Assignment DescriptionThe role focuses on
observability, release, and operations
(resilience is a plus). Candidates must provide examples of implementation around these key areas.
Job Summary
The Site Reliability Engineer will be responsible for developing, testing, and maintaining high-quality software solutions while ensuring stability and reliability across systems. Proficiency in programming languages and cloud service providers is essential, alongside solid problem-solving and teamwork skills.Main Responsibilities
- Develop, test, and maintain high-quality software solutions, frameworks, and automations.

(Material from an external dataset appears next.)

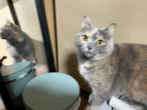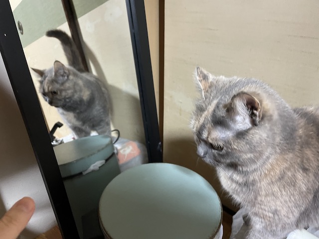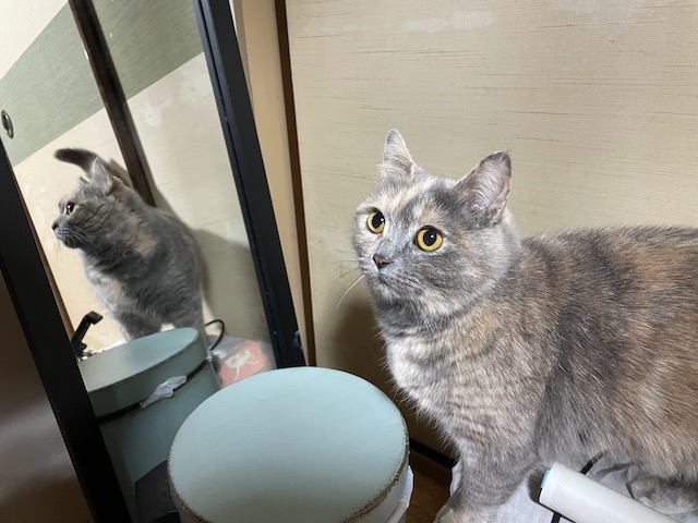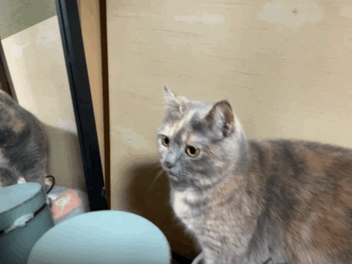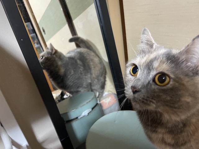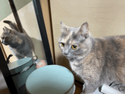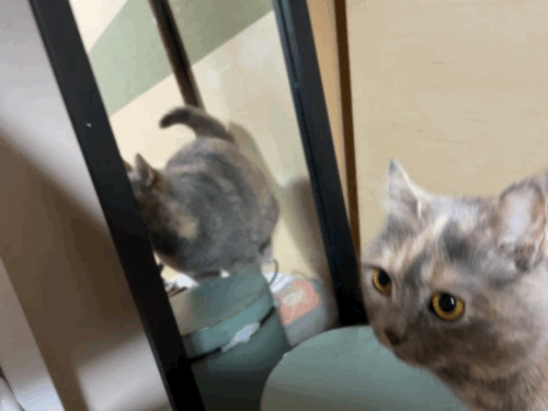 거울에 비친거 귀여워서 찍고 있는데 고개 돌리심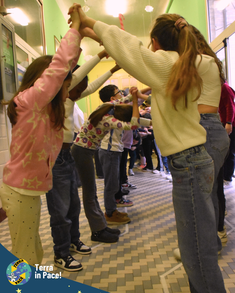 Divisi per fasce d’età, tra diverse sedi e palestre limitrofe, i partecipanti hanno ascoltato la testimonianza della bellezza dello sguardo dall’alto: quella visione tipica degli astronauti che, dall’orbita spaziale, non vede frontiere ma chiede semplicemente di fare squadra e di cooperare per il bene e la sopravvivenza della grande famiglia umana. Attraverso il gioco, hanno conosciuto il “Messaggio per la LIX Giornata Mondiale della Pace” di Papa Leone XIV, imparando a:

- Collaborate with cross-functional teams to analyze requirements and design solutions around stability and reliability.
- Participate in code reviews to ensure code quality and shared knowledge.
- Identify, troubleshoot, and resolve various incidents and problems, ensuring adherence to DevOps/SRE best practices.
- Contribute to continuous improvement initiatives within the engineering team.
Key Requirements
- Proficiency in one or more programming/scripting languages, such as Python.
- Solid understanding of Agile development methodologies.
- Willingness to work with operations and incident/problem management.
- Good knowledge of at least one major cloud service provider: Microsoft Azure or GCP.
- Experience in building CI/CD workflows using GitHub Actions.
- Experience in Observability setup (Application, Infrastructure) using tools such as Splunk, Grafana, etc.
- Familiarity with version control systems such as Git.
- Good problem-solving skills and eagerness to learn.
- Excellent communication and teamwork skills.
Nice to Have
- Understanding of security assessments and compliance standards.
Other Details
This role may involve working remotely and participating in an on-call rotation for incident management. The focus is on continuous improvement and collaboration within a dynamic engineering team.